Lightweight Swin Transformer combined with multi-scale feature fusion for face expression recognition
-
摘要:
针对Swin Transformer模型应用在表情识别上参数量过大、实时性较差和对表情中存在的复杂且微小的表情变化特征捕捉能力有限的问题,提出了一个轻量型Swin Transformer和多尺度特征融合 (EMA)模块相结合的人脸表情识别方法。该方法首先利用提出的SPST模块替换掉原Swin Transformer模型第四个stage中的Swin Transformer block模块,来降低模型的参数量,实现模型的轻量化。然后在轻量型模型的第二个stage后嵌入了多尺度特征融合 (EMA)模块,通过多尺度特征提取和跨空间信息聚合,有效地增强了模型对人脸表情细节的捕捉能力,从而提高人脸表情识别的准确性和鲁棒性。实验结果表明,所提方法在JAFFE、FERPLUS、RAF-DB和FANE这4个公共数据集上分别达到了97.56%、86.46%、87.29%和70.11%的识别准确率,且相比于原Swin Transformer模型,改进后的模型参数量下降了15.8%,FPS提升了9.6%,在保持模型较低参数量的同时,显著增强了模型的实时性。
-
关键词:
- 表情识别 /
- Swin Transformer /
- SPST模块 /
- EMA模块
Abstract:A lightweight Swin Transformer and multi-scale feature fusion (EMA) module combination is proposed for face expression recognition, which addresses the problems of the Swin Transformer model, such as excessive parameter quantity, poor real-time performance, and limited ability to capture the complex and small expression change features present in the expressions. The method first uses the proposed SPST module to replace the Swin Transformer block module in the fourth stage of the original Swin Transformer model to reduce the number of parameters of the model and realize the lightweight model. Then, the multi-scale feature fusion (EMA) module is embedded after the second stage of the lightweight model, which effectively improves the model's ability to capture the details of facial expressions through multi-scale feature extraction and cross-space information aggregation, thus improving the accuracy and robustness of facial expression recognition. The experimental results show that the proposed method achieves 97.56%, 86.46%, 87.29%, and 70.11% recognition accuracy on four public datasets, namely, JAFFE, FERPLUS, RAF-DB, and FANE, respectively. Compared with the original Swin Transformer model, the number of parameters of the improved model is decreased by 15.8% and the FPS is improved by 9.6%, which significantly enhances the real-time performance of the model while keeping the number of parameters of the model low.
-
Overview: Currently, most facial recognition algorithms rely on convolutional neural networks (CNNs). However, CNNs heavily depend on spatial locality, limiting their ability to capture global features of facial expressions early on. Stacking convolutional layers to expand the receptive field often leads to information loss, increasing computational load and gradient vanishing. To address these issues, researchers are increasingly exploring Transformer models for image tasks.

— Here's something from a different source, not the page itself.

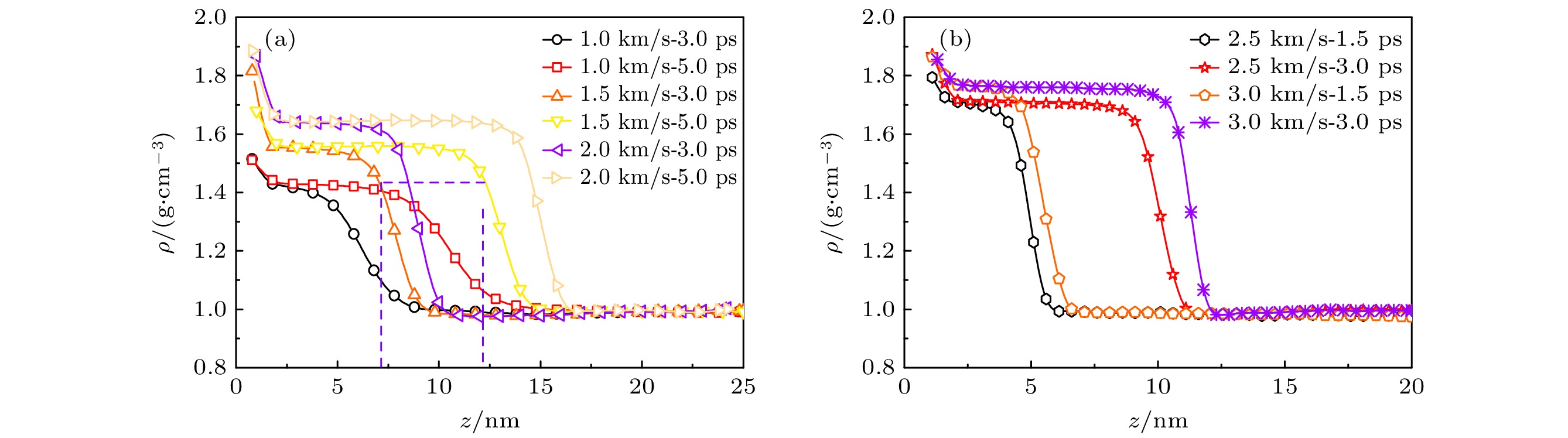 type ε/(kcal·mol–1) σ/Å q/e O 3.166 0.15535 –0.8476 H 0 0 0.4238 up/(km·s–1) us1 us2 us3 uexp usim ε/% 1.0 3.21 3.26 3.17 3.57 3.61 9.8 1.5 4.06 4.14 4.16 4.40 4.30 6.4 2.0 5.07 5.06 5.16 5.25 5.18 2.9 2.5 5.89 5.93 5.99 5.93 5.51 0.6 粒子速度

Transformers, with their powerful self-attention mechanism for capturing local features, show promise in expression recognition but face practical limitations. Traditional Transformers operate within fixed-size windows, restricting their ability to model long-range dependencies. Since facial expressions often involve coordinated changes across regions, relying solely on local windows can hinder global feature perception, impacting recognition performance. Moreover, stacking layers to capture global information results in higher parameters and greater computational demands.

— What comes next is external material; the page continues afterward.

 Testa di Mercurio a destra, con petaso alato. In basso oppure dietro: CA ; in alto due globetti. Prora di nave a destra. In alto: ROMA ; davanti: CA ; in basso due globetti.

In 2021, Microsoft Research Asia introduced the Swin Transformer, utilizing sliding window-based and window-based multi-head self-attention mechanisms (SW-MSA and W-MSA) to integrate cross-window information. This approach addresses the limitations of traditional Transformers by effectively balancing global feature learning and computational efficiency, making it a promising model for facial recognition tasks.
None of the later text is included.